Richard Nixon: a reappraisal

Richard Nixon is back, and this is a good reflection upon him and the nation. When the 37th President left the White House 10 years ago, Aug. 9, 1974, his victory sign looked remarkably inappropriate to most Americans. No more.

Sure, Americans are forgiving people. Yet there is more to the story of his recent elevation to the status of an elder statesman.

Are we being taken for a ride, naively believing again in a new Nixon image, as many critics argue? This is unlikely. The memory of Watergate is too fresh, and the predominantly anti-Nixon news media would not let it die. A more plausible explanation is that the American public has gradually begun to accept that there is more to the former President than his much-discussed dark side.

That there was a dark side is beyond question. One need only read the White House tape transcripts to confirm this. Mr. Nixon frequently sounded overtaken by suspicion and vengeance. He surrounded himself with a second-rate palace guard whose arrogance, belligerence, and inexperience could only reinforce his worse instincts.

But was his suspicion totally unfounded? Hardly. For more than 20 years - probably after his rough campaign against Helen Douglas and certainly after the Alger Hiss affair - Richard Nixon was the liberal establishment's main villain. That he was probably right about Alger Hiss, that he generally avoided wholesale character assassination in the mode of Joe McCarthy, did not help, either. On the contrary, he was viewed as being sneaky and accordingly more dangerous.

When Nixon became President in 1969 he inherited the war in Vietnam launched by his Democratic competitors. But his dilemma of how to disengage 540,000 US troops without capitulation did not get much sympathy from the increasingly angry antiwar coalition.

The liberal establishment did not quite approve such actions. But neither could it bring itself to side with Nixon. Despite the obvious successes of his Vietnamization program, despite intriguing signs of simultaneous openings to Russia and China, despite moderate and generally successful domestic economic and social policies, the President remained to his detractors a tricky Dick, evil and beyond forgiveness.

Still, there is no excuse for Watergate. It was both illegal and stupid. It would have done Nixon an honor and the nation a favor if he had been able to recognize at the time that his opponents were so bitter because they felt helpless, observing the President winning the battle for public opinion hands down. And needless to say, we are entitled to expect a higher standard from the chief executive than from private, even if very influential, citizens.

Nevertheless, Nixon was not only a very impressive President, but also in an important way he was an honorable statesman. While he was not above playing dirty games with individuals, his loyalty to the national interest - as he saw it - was absolute.

In May of 1972, Nixon knew that a trip to Moscow would be extremely beneficial to him on the eve of US elections. Yet, just days before the trip, he was willing to risk the summit by ordering the bombing of Hanoi and the mining of Haiphong Harbor. One can dispute Nixon's judgment, but not his courage.

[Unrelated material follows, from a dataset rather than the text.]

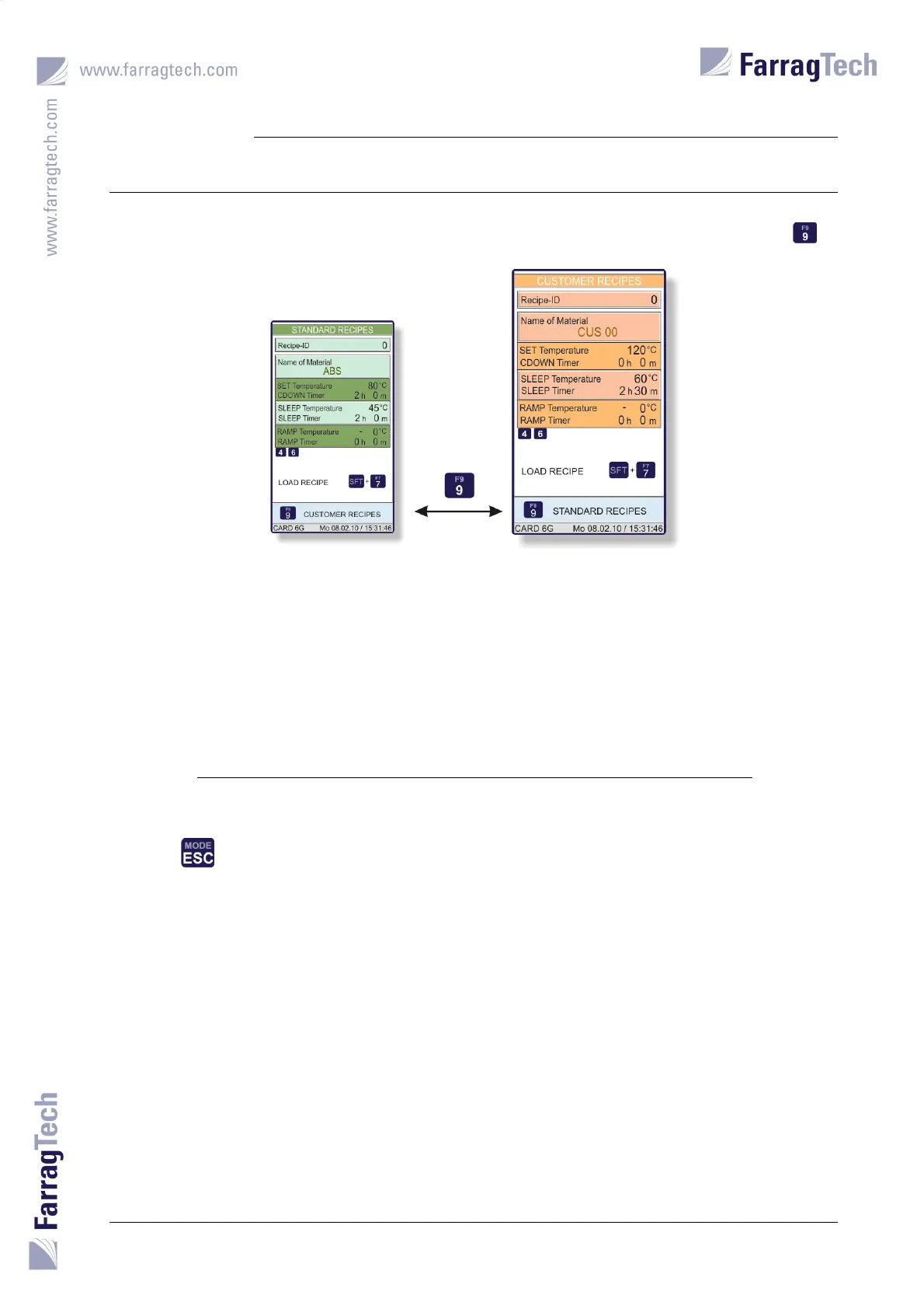 The CUSTOMER RECIPES are attained from the screen with the STANDARD RECIPES with the key .

The October 1973 Arab-Israeli war offered a tougher test of Nixon's presidential integrity. When Soviet threats to intervene unilaterally triggered an alert of US forces, there was a widespread suspicion that Nixon was creating an artificial crisis to detract attention from his firing of Special Prosecutor Archibald Cox, Attorney General Elliot Richardson, and his deputy, William Ruckelshaus. It would have been to his obvious political advantage to disclose and magnify the extent of the danger. Nixon resisted the temptation. He refused to follow Sen. Henry Jackson's lead in describing the Brezhnev note as ''rough and brutal,'' saying instead that it was ''very firm and left little to the imagination.'' That it was indeed. And Nixon carefully avoided heated rhetoric that would have needlessly alienated the Kremlin.

Widely reputed to be uncomfortable with intellectuals and strong-willed figures, Nixon assembled a unique collection of stars in his Cabinet whose egos matched their brilliance. John Connally, Henry Kissinger, and James Schlesinger were picked and skillfully used by Nixon, even if he was sometimes uncomfortable with Kissinger's propensity for overshadowing the President in the media. Able implementers like Alexander Haig and George Shultz flourished, guided by his leadership; notably, both men failed to live up to their reputations in the confused environment of the Reagan administration.

Gradually, the appeal of Nixon's substantive message - particularly in foreign policy - has overwhelmed the public's reluctance to listen to the fallen President. Gerald Ford and Jimmy Carter left the office honorably, and neither of them shies away from expressing his opinion. But their arguments just don't have Nixon's combination of insight and punch.

Of late the liberal establishment has been praising many of his foreign policy ideas, but Nixon, the person, remains as despised as ever. The angry reactionaries, posing as conservatives, don't like him, either. For the right-wing ideologues he has always been too unconventional and too pragmatic.

What Nixon deserves from us is perspective and fairness. Perspective and fairness suggest that he has, against considerable odds, earned the right to be treated as a legitimate voice in the US political discourse.